Una foto del professor Stefano Vaselli sorridente.

Thea Ceccarelli, III G

«A cosa serve la filosofia?»

«A niente.»

Così ci disse il Professore tre anni fa.

La filosofia non serve a niente, non ha un fine, poiché se lo avesse sarebbe schiava di sé.

In una società pilotata dall’utilitarismo in cui il bene si identifica col profitto e la strada da intraprendere è quella che conduce al guadagno, Vaselli ci esorta a scegliere seguendo la nostra sensibilità: «studiate ciò che vi piace, ciò che volete, al di là delle aspettative che gli altri ripongono in un futuro che è vostro». 

Il Professore ci ha mostrato la strada per pensare con le nostre menti ed emanciparci da quel senso comune che tanto disprezza perché «puzza di ignoranza»

Il suo sarcasmo raffinato e dissacrante non può offendere, non sa celare amore, un amore incondizionato per la filosofia, la storia, i suoi ideali, l’insegnamento e anche per «noi forme di vita semplici, semplici come i batteri, gli acari, l’azoto, noi gli studenti della sua II G». 

Amore che ricambiamo in una simbiotica sintonia emotiva. L’ora del Professor Vaselli l’aspettavamo con entusiasmo. Le sue digressioni continue sono un viaggio che abbraccia il presente e da vita, forma e colore alla didattica. 

Dall’alto, «con Approccio Antropologico», nell’astrazione del saggio, il Prof. convogliava i fenomeni della nostra società in riflessioni che tendevano le braccia alla filosofia, una filosofia lontana dallo storicismo di Benedetto Croce.

È vero, forse a volte ci siamo un po’ persi con il compagno di banco in quelli che Vaselli definiva «i seminari paralleli alla spiegazione».  

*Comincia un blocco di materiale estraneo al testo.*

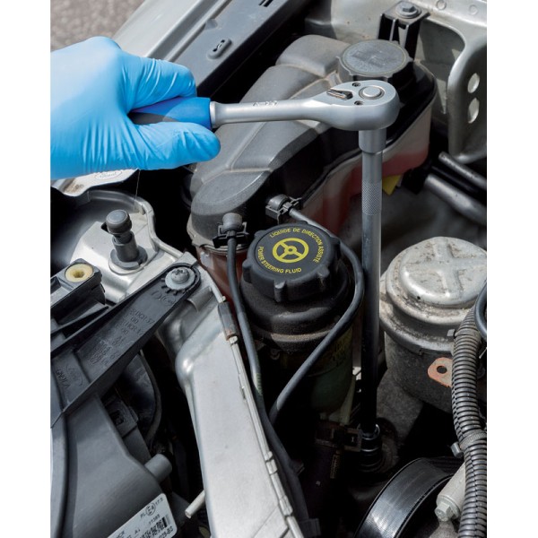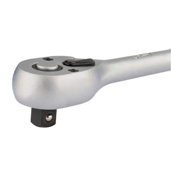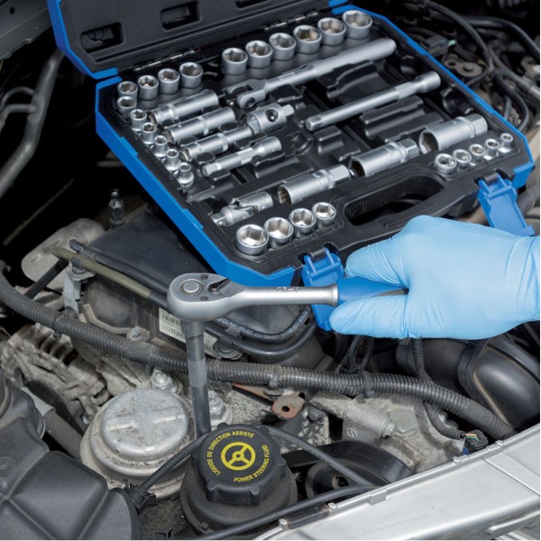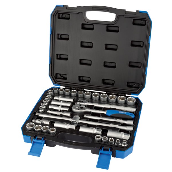 Six point sockets made from chrome vanadium steel that’s hardened and tempered with a satin finish. Supplied with a 72 tooth reversible soft grip ratchet and accessories. Packed in a plastic storage case.

«Non vi distraete, vi ricordo che un quark delle tasse che pagano i vostri genitori è per questa lezione». Ristabilito il silenzio esalava un sospiro soddisfatto: «l’aspetto economico funziona sempre». 

Oggi siamo forti della consapevolezza che, averla ascoltata, è stato un privilegio. 

In classe stavamo proprio bene. Il professore è un buono, ha provato a nascondersi dietro i suoi tre dadi esagonali «ai quali affido il vostro destino», diceva. 

«Sceglie verde, nero o viola?» 

«Quello viola porta una sfiga assurda».

Minacciava di interrogaci a tappeto ma la sua presenza comunicava calda serenità in un’autorevolezza mai dispotica. 

Il suo parlare franco ha delineato i nostri limiti, individuali e generazionali. 

«L’alcol fa male, voi ragazzi dovete bere il Kefir».

«Per lei il telefono certifica la nostra permanenza sulla Terra, in caso di mancata risposta non esistono altre spiegazioni che una cessata attività vitale».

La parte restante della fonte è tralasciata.